Tropecei com esse artigo (A uberização de nossas vidas) da colunista dO Globo, Ruth de Aquino. Resolvi escrever porque é o típico exemplo de mistura de pensamento mágico com ojeriza ao capitalismo de nossa elite bem-pensante.
Ruth escreve sobre um recém-lançado filme do diretor britânico Ken Loach, que costuma dirigir filmes com “críticas sociais”. Ruth assistiu ao filme em Paris, bien sûr.

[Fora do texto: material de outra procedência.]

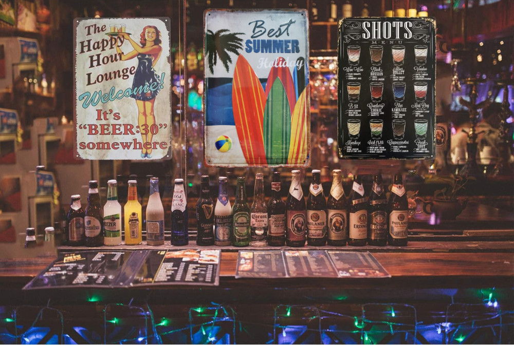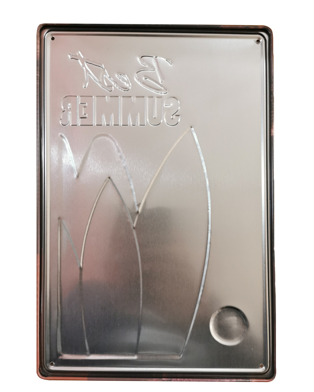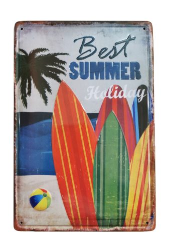 Vintage Dekor Fémtábla, dombornyomott 'Summer' felirat, retro hangulatú kialakítás, 20x30cm

O filme é sobre o último flagelo que se abateu sobre a humanidade: a “precarização” do mercado de trabalho. As críticas são as mesmas de sempre: por debaixo da ilusão da “vida sem patrão”, existe muita frustração e trabalho insano que destrói vidas. E, como sabemos, vidas humanas são muito importantes.

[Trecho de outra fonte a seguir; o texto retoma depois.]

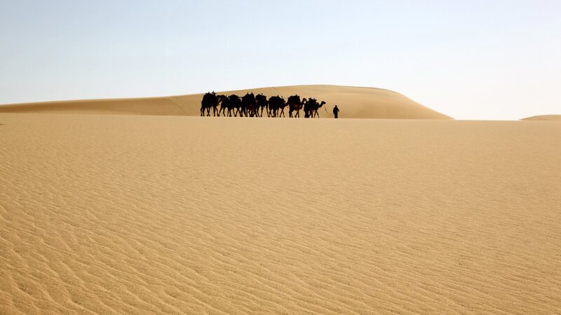 Die gelbe Sahara ist die Bilderbuchwüste: Sandmeere wogen, Dünen ziehen vorbei. Dattelpalm-Oasen unterbrechen die beschwerliche Reise. Eine Fata Morgana erscheint in der Ferne. Die Sahara beeinflusste nachhaltig die abendländische Kultur des 19. Jahrhunderts. Doch feiner Sand wie in der Sahara bedeckt nur 20 Prozent aller Wüsten. Ägypten kann sich damit rühmen, dass fast die Hälfte seines Wüstenanteils sandbedeckt ist. Die Oase Siwa, berühmt durch das Orakel des Amun-Re, liegt knapp 40 Meilen entfernt von der libyschen Grenze und gehört damit zu den entlegensten Orten West-Ägyptens. Erst seit die schnurgerade vierspurige Wüstenstraße von Marsa Matruh am Mittelmeer durch die Sahara gezogen wurde, ist Siwa nicht nur wie bisher für Karawanen, sondern auch für Touristen erreichbar. Doch Siwa ist nicht Kairo oder das berühmte Tal der Könige. Die Oasen sind anders und ihre Bewohner auch. Traditionsverbunden und oft im Einklang mit der Natur wenden sich viele von dem ab, was wir Fortschritt nennen oder womit wir uns materiell und dinglich umgeben. An saftigen, grünen Palmenhainen, zwischen Olivenbäumen, Obstgärten und komfortablen Hotels beginnt die Reise. Aus der flachen Geröllwüste wird nach der lauten Oase Bahariya langsam der ersehnte Wüstentraum. Doch erst mit Farafra eröffnet sich die richtige Märchenwelt. Der Besuch in der Karawanserei ist ein Abenteuer an sich. Mehr als hundert Kamele bestaunen neugierig die Regisseurin, schmiegen sich an oder schnuppern an ihr herum. Mit ihren langen Hälsen sind sie schnell und beweglich. Zwar beklagen die für eine Karawane ausgewählten 13 Tiere zunächst einmal lautstark die Trennung von ihrer Herde, aber schon nach wenigen Stunden ist alles vergessen und der gleichmäßige Rhythmus ihres Ganges gibt das Tempo der Reise vor. Die Landschaft entlang der alten Karawanenstraße von Farafra nach Dakhla - ein Weg, der zu Fuß neun Tage dauert - überrascht mit ungeahnten Kalksteinformationen, Gebirgen, Pyritfeldern, Fossilien und schier unglaublichen Dünenketten. Sand gibt es hier in allen erdenklichen Tönen: von Beige oder Ocker zu Gelb und Orange. Das Holz, das am Tage aufgesammelt wird, verbrennt am Abend in einem wärmenden Feuer. Die Beduinen stellen einen Windschutz auf und legen Matratzen zum Schlafen in den Sand. Ein leckeres Essen wird praktisch aus dem Nichts gezaubert und der Abend - unter einem atemberaubenden Sternenhimmel - endet mit Musik und süßem Tee. Doch die Musik dient nicht nur der Unterhaltung. Mit Gesang werden auch Streitgespräche ausgefochten und Geschichten weitergegeben. Der Augenblick zählt, das Zusammensein in dieser unglaublich weiten Einsamkeit. Die Magie der Wüste holt jeden ein, der sie erlebt. "Wer die Wüste nicht kennt und ihren Atem nie gespürt hat, wird sein Leben lang erfüllt sein von Sehnsucht", sagt eine alte beduinische Weisheit.
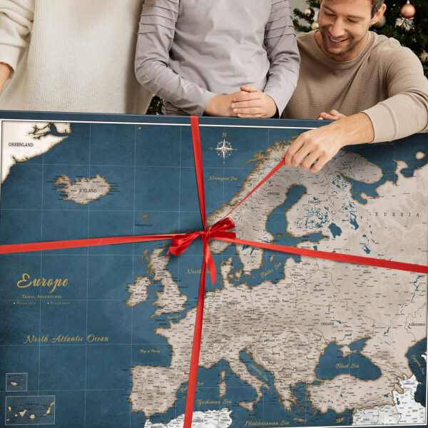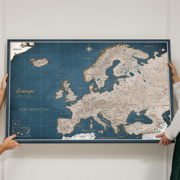 Die Karte ist fertig zum Aufhängen und benötigt keinen zusätzlichen Rahmen. Die Leinwand ist fest über den Rahmen mit der Rückseite gespannt, sodass die Stecknadeln perfekt in der Karte stecken und Sie bestimmte Orte markieren können.
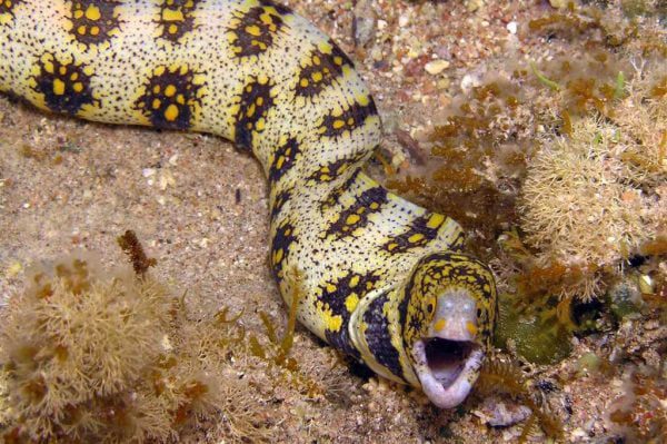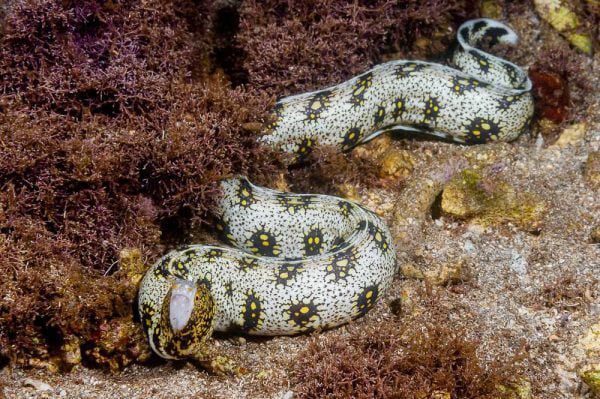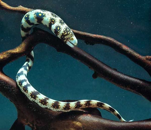 مار ماهی پولک برفی Snowflake Eel را می توان به راحتی با انواع ماهیان دریایی که بزرگ تر از دهان آن باشند، نگهداری کرد. همچنین می توان آن را با برخی از بی مهرگان دریایی، مانند؛ شقایق های دریایی و مرجان های دریایی نگهداری کرد، اما قابلیت نگهداری آن با سخت پوستان وجود ندارد و به آنان آسیب می ساند.
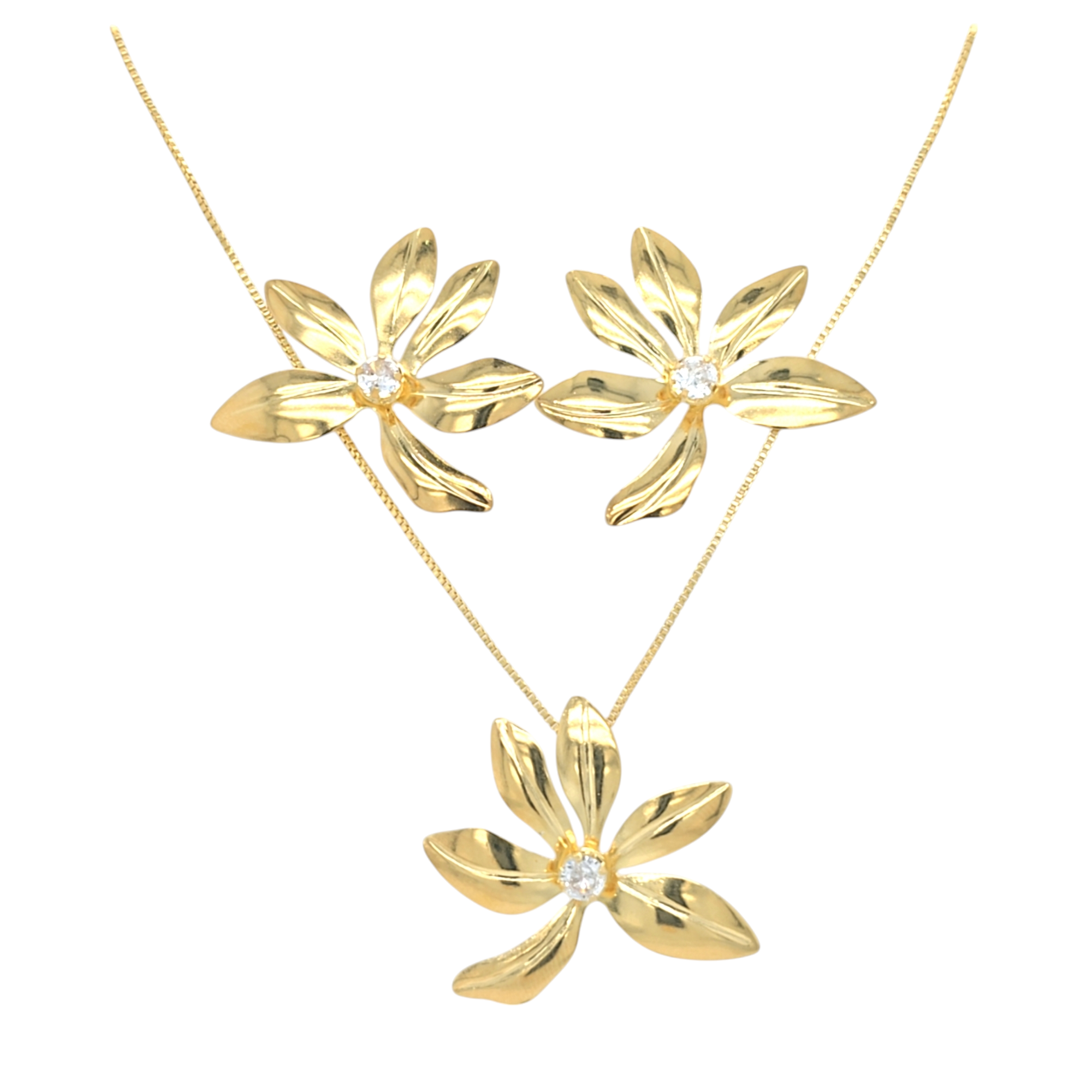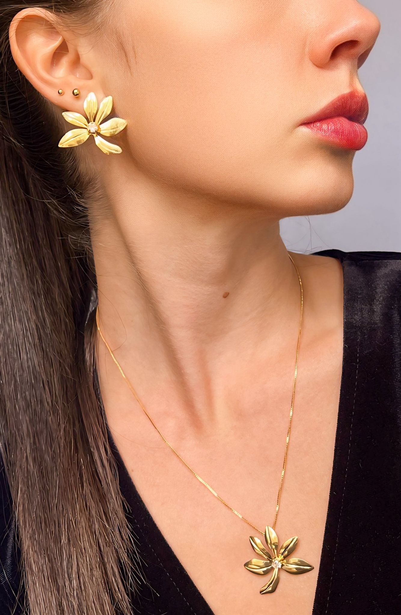 Celebrate nature’s beauty with this stunning floral jewelry set. The golden flower design, highlighted with a delicate centerpiece, exudes elegance and charm. Perfect for adding a touch of sophistication to your outfit, this set transitions effortlessly from daytime chic to evening glam. A must-have for anyone who loves timeless and feminine accessories. 🤎

O foco está na vida dos entregadores, explorados pelas grandes empresas e aplicativos de entregas. O que eu realmente acho curioso é que entregadores sempre existiram, mesmo antes do surgimento da Amazon ou do iFood. Lembro de pedir pizza por telefone 25 anos atrás. Esses entregadores eram tão “explorados” quanto os atuais: ganhavam o seu suado dinheiro na base do “quanto mais entregas você faz, mais dinheiro você ganha”. Duvido que os restaurantes contratassem esse pessoal com carteira assinada. Mas nada se falava a respeito.
A situação dos pobres entregadores só chamou a atenção quando alguém teve a brilhante ideia de explorar a ineficiência gritante desse mercado, e ganhar bilhões com isso. A vida dos entregadores não mudou uma vírgula, mas agora alguém do Vale do Silício está fazendo fortuna com isso. Isso é que não pode. Isso é que não dá, meus amigos!

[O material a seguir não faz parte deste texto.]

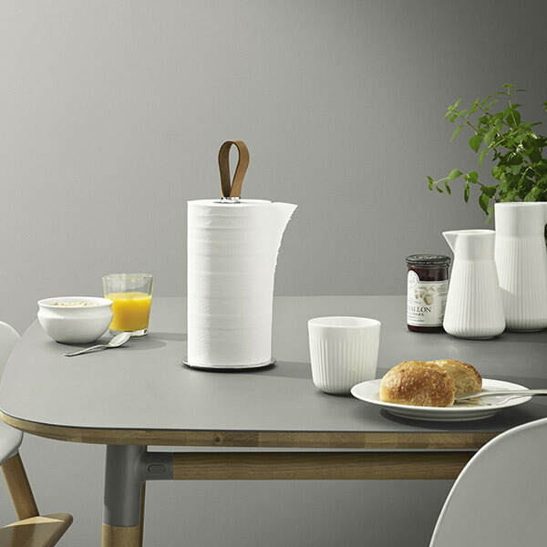 クールなキッチン用品をお探しの方にピッタリな、キッチンペーパーホルダー。高級インテアのような、トップのレザーと高品質なステンレス仕上げのコンビネーションが実に美しい、北欧/デンマークならではのグッドデザインです。重さは約269gと軽量。しかも、レザー部分を持てば、キッチンからテーブルへの移動も楽々です。
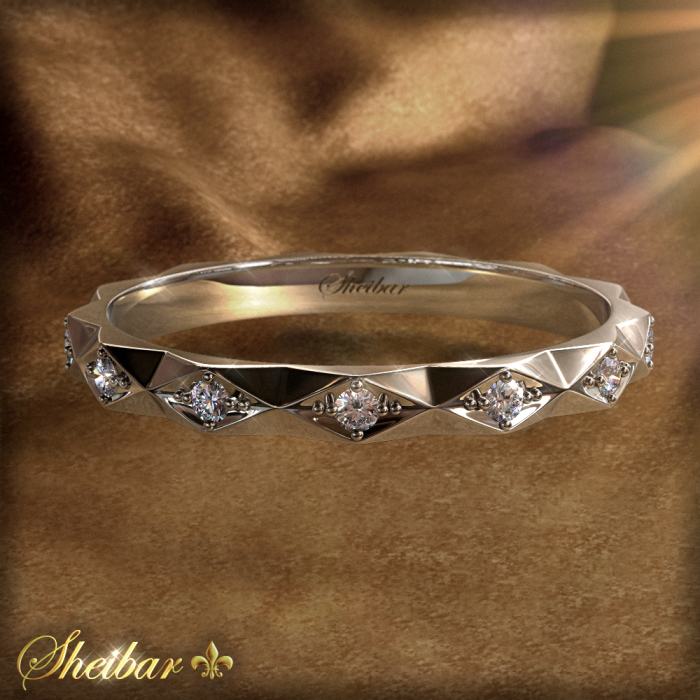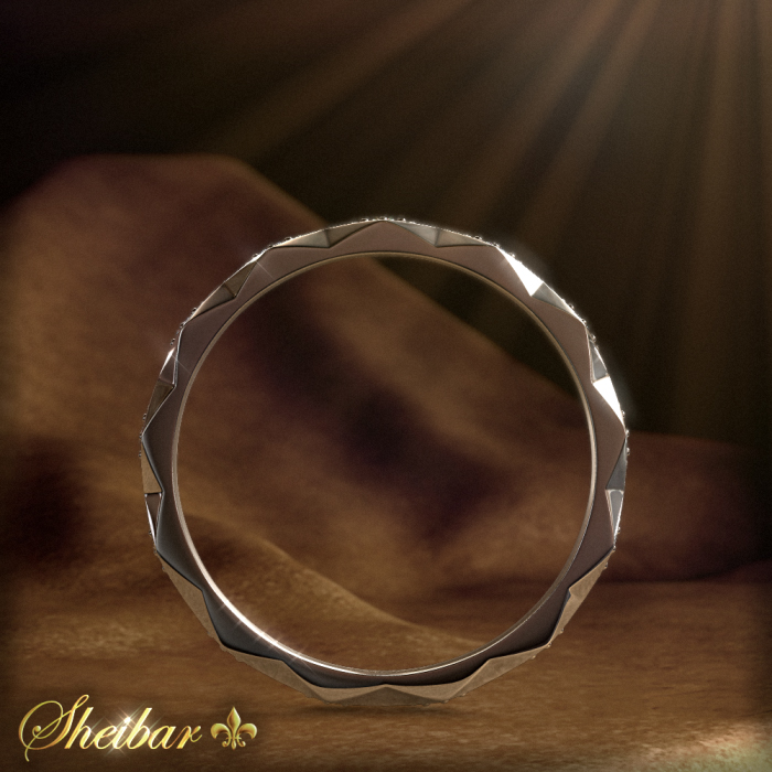 טבעת יהלומים מעוצבת בליטושי כוכבי זהב. הטבעת מעוצבת בצורת מעוינים אשר יוצרים בזה אחר זה צורה של כוכבים צמודים עדינים ויפים. היהלומים שובצו אחד אחד בצורה מדויקת ונקייה בכדי לשמר את רמת הגימור של הטבעת ובכך לשמור על רמת עבודה גבוהה. בטבעת משובצים יהלומים לכל אורך הטבעת. היהלומים משובצים על גבי זהב 14K\18K לפי הזמנה. טבעת מעוצבת ומיוחדת במינה.
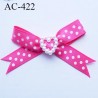 noeud satin hauteur 30 mm largeur 50 mm couleur rose fushia avec pois blancs coeur en perles blanches
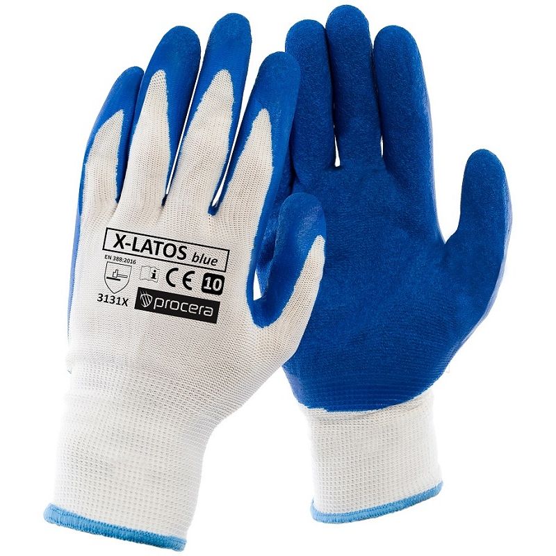 Rękawice X-LATOS BLUE wykonane z poliestru, powlekane w części chwytnej lateksem o szorstkowanej strukturze. Idealne do prac manualnych. Bardzo dobra chwytność. Duża wytrzymałość na ścieranie. Dobrze dopasowują się do kształtu dłoni. Rozciągliwe i elastyczne. Zakończone ściągaczem. CE EN 388.
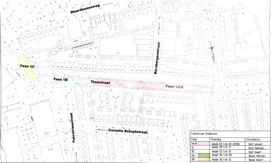 Vanaf 12 januari 2026 start gemeente Eindhoven met het herstraten van de Tinelstraat.
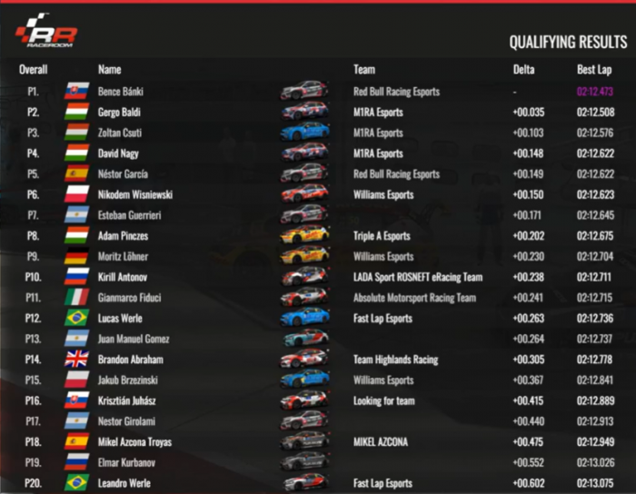 Stratégiai szempontból kulcsfontosságú volt, hogy Báldi mögött a M1RA Esports másik két versenyzője, Nagy Dávid és Csuti Zoltán szerezte meg a harmadik és a negyedik helyet az időmérőn, így ők betonvédelmet biztosíthattak számára. Ezt meg is tették az első futamon, ugyanis Löhner feljött mögéjük az ötödik helyre, de akárhogyan próbálkozott, nem tudta áthámozni magát az előtte utat záró M1RA-duón.

Mesma coisa com os taxistas. A maioria, pobres motoristas explorados pelos donos de frotas. Mas isso não tocava os espíritos sensíveis. Foi só aparecer o Uber, o belzebu do capitalismo selvagem, e todos os amantes da humanidade se condoem da situação dos explorados.
Ruth, e os outros arquitetos da felicidade humana, apenas na superfície sonham com um mundo onde o trabalho não é “precarizado”. No fundo, eles sonham mesmo é com um mundo onde alguns não ficam “ultraricos” (palavras dela) com a “exploração” do trabalho alheio.
Obviamente, todos gostaríamos que todos tivessem empregos bons e seguros e que pagassem bem. Mas, todos também queremos que nossas pizzas sejam entregues no menor tempo possível pelo menor preço possível. E, de preferência, ao toque de um botão. Uma coisa não é compatível com a outra.